Writing of falling prices makes me wonder whether those older cars which really have only “hobby” value, will decrease to the level that prevailed 20 years ago, when the young enthusiast had a choice of some truly fascinating bargains. Open your motor journal of 1932 at its classified advertisements and you find :— 1924 AC two.seater, excellent condition, taxed, £22.
75-mph. 12/50 Super Sports Alvis, overhauled and in almost new condition throughout, £37 10s.
Austin Seven, 1927 Cup model sports, extras, good condition, £39.
Bentley sports two-seater, fast, £51.
Salmson, 1926, sports two-seater, £15.
1925 Morris-Cowley, excellent condition, £7.
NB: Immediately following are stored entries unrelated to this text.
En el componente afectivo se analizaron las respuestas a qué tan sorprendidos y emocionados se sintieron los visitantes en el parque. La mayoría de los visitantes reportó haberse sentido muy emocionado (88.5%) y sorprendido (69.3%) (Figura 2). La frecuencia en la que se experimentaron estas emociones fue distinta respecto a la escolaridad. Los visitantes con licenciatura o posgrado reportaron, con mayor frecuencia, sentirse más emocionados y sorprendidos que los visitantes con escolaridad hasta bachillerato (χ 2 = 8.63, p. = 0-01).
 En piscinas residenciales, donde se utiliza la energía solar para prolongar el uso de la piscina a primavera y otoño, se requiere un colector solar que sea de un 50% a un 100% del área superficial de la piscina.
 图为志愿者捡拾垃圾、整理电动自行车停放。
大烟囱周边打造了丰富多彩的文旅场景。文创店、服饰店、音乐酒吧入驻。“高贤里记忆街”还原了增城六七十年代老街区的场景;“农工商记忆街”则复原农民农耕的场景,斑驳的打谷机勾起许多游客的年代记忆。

And so on . . . (These are genuine examples). A year or so later such prices halved. Considering that such cars are now 20 years older and that storage or use for this period isn’t exactly going to enhance their value, these prices might very well be deemed appropriate to the present day and age, devaluation of the pound notwithstanding. Perhaps it depends now on the purchasers ?
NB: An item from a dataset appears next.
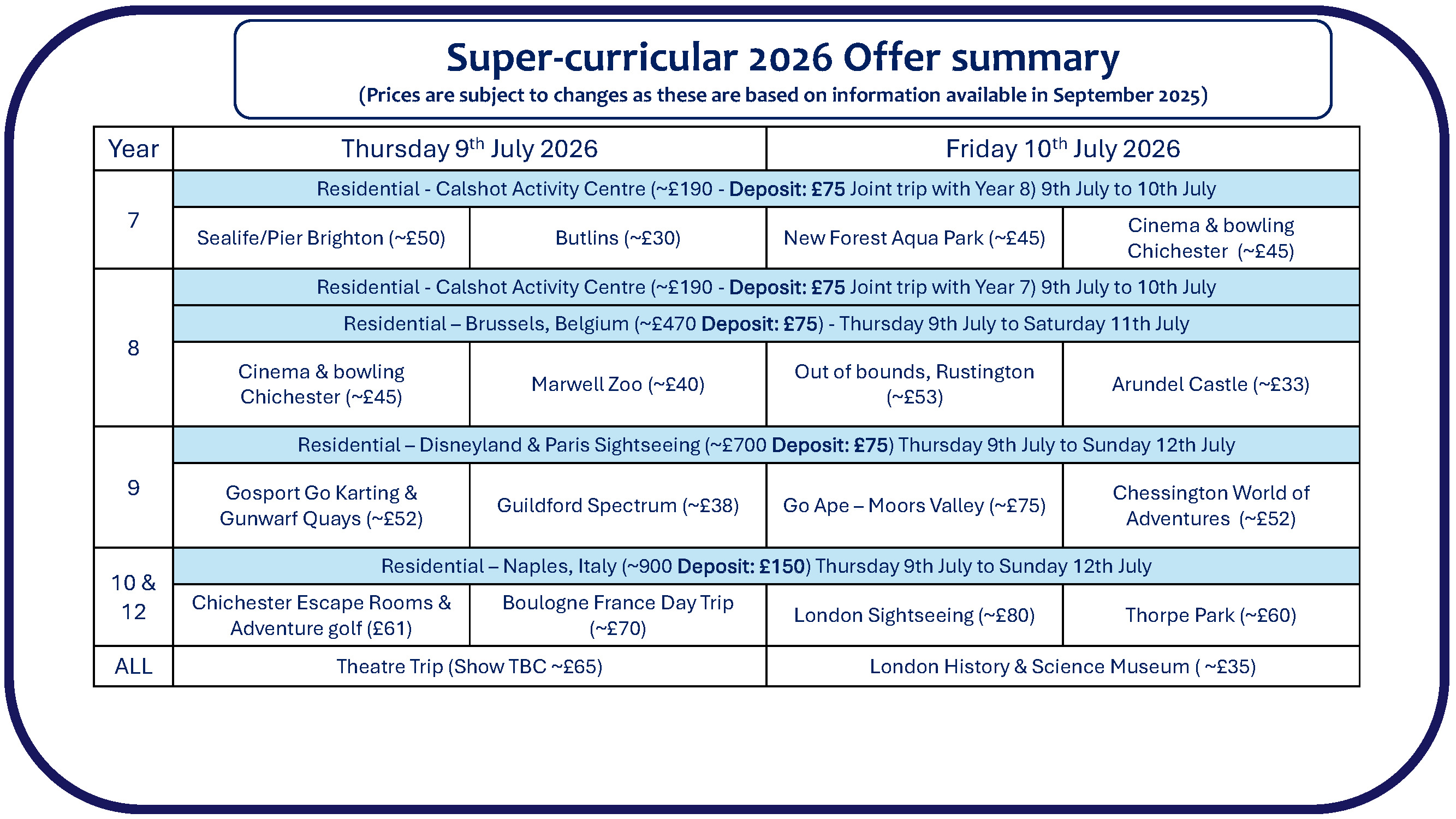 We are excited to introduce the 2026 Super Curricular offer for Years 7 to 10 and Year 12. The dates for this event will be 9th July 2026 and 10th July 2026. This involves two days of students being able to engage in a range of opportunities that are outside the curriculum and students have been shown this in tutor time this week.

Advising us of its Mid-Summer Ball on June 27th, the London Aeroplane Club writes :- “Our idea is to recapture the carefree years between the wars, the vintage years, when the Moth was the symbol of sporting flying, when Amy Johnson—who learnt to fly at the London Club –and others made great flights across the World, when Bentleys won for three years in succession at Le Mans, when Great Britain gained the Sehneider Trophy outright, when the foxtrot came into fashion and ‘Better Sweet’ ran as Drury Lane.” They had a 1925 DH “Moth” and a 3-litre Bentley present and warned us that cloche hats and Oxford bags were liable to appear. The marquees were hung with souvenirs of the ‘twenties and ‘thirties (one photograph showed Rover Eight, Windsor, Bean and 11.9 Lagonda in happy progression along the Portsmouth Road–and alas, well in the middle of it !) and horse-less carriages were assisted off the premises at 1 am.